───── STORED DATA

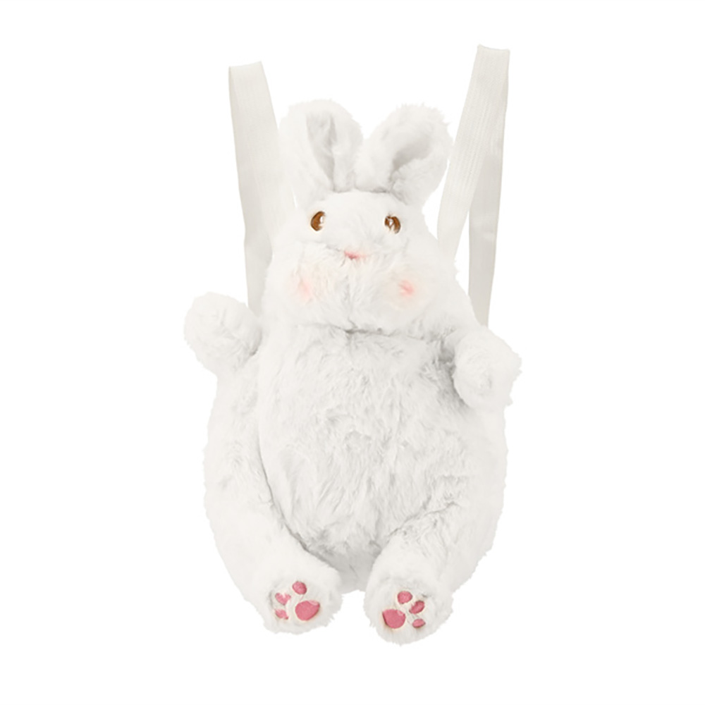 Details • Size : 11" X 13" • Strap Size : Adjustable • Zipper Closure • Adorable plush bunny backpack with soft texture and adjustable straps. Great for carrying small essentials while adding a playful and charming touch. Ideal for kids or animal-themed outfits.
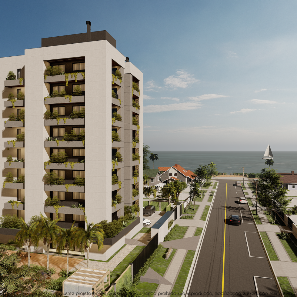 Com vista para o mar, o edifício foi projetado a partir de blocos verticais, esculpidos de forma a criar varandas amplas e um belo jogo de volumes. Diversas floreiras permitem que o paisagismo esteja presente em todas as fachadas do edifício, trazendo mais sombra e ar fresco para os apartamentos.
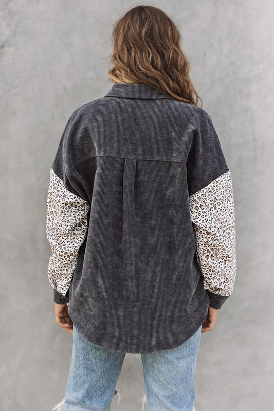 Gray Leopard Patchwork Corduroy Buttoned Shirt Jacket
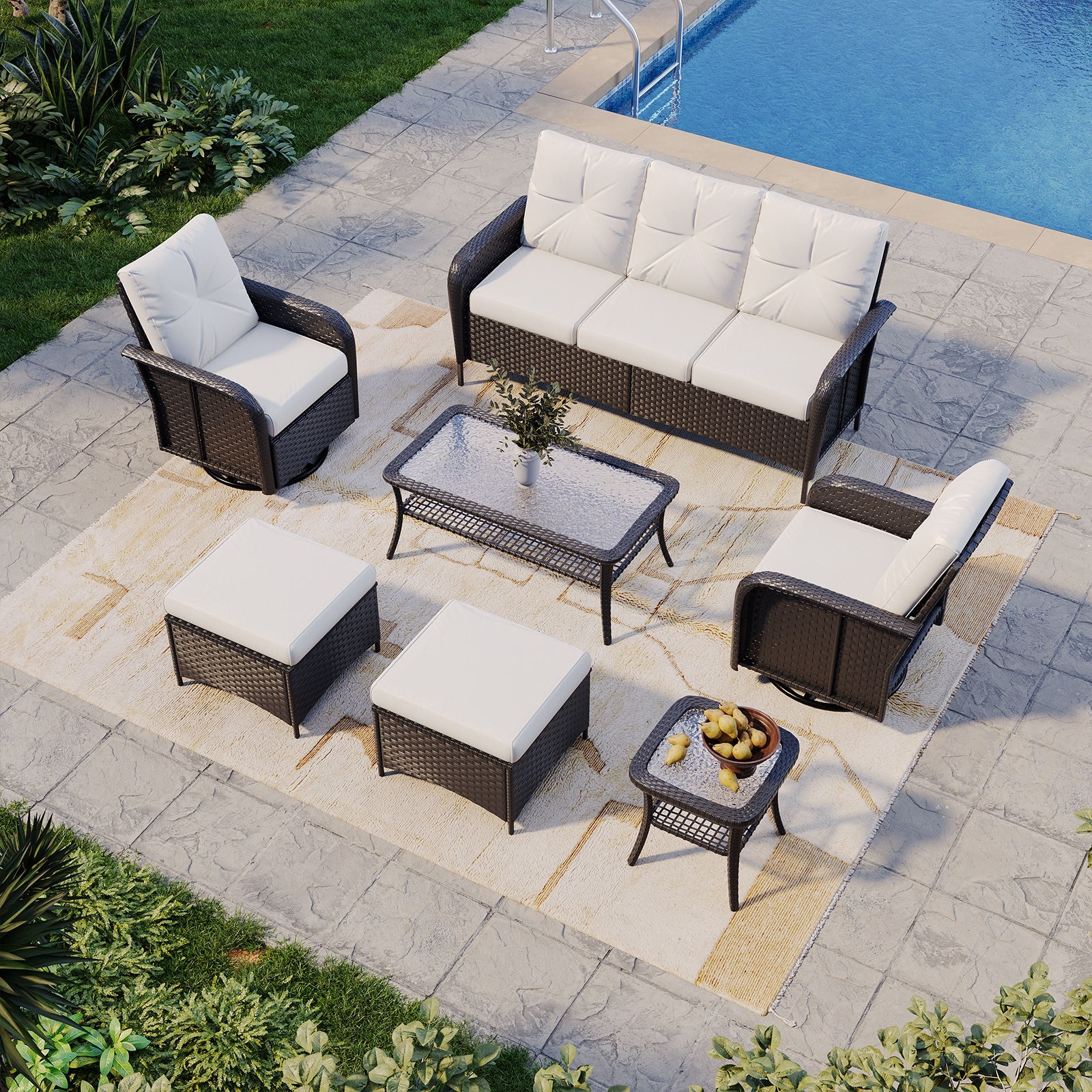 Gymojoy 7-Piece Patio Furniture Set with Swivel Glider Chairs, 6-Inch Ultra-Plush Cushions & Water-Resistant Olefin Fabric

──────────

**TASK**
Write all the lines above out again exactly, minus the images.

**TASK SOLUTION**
 Details • Size : 11" X 13" • Strap Size : Adjustable • Zipper Closure • Adorable plush bunny backpack with soft texture and adjustable straps. Great for carrying small essentials while adding a playful and charming touch. Ideal for kids or animal-themed outfits.
 Com vista para o mar, o edifício foi projetado a partir de blocos verticais, esculpidos de forma a criar varandas amplas e um belo jogo de volumes. Diversas floreiras permitem que o paisagismo esteja presente em todas as fachadas do edifício, trazendo mais sombra e ar fresco para os apartamentos.
 Gray Leopard Patchwork Corduroy Buttoned Shirt Jacket
 Gymojoy 7-Piece Patio Furniture Set with Swivel Glider Chairs, 6-Inch Ultra-Plush Cushions & Water-Resistant Olefin Fabric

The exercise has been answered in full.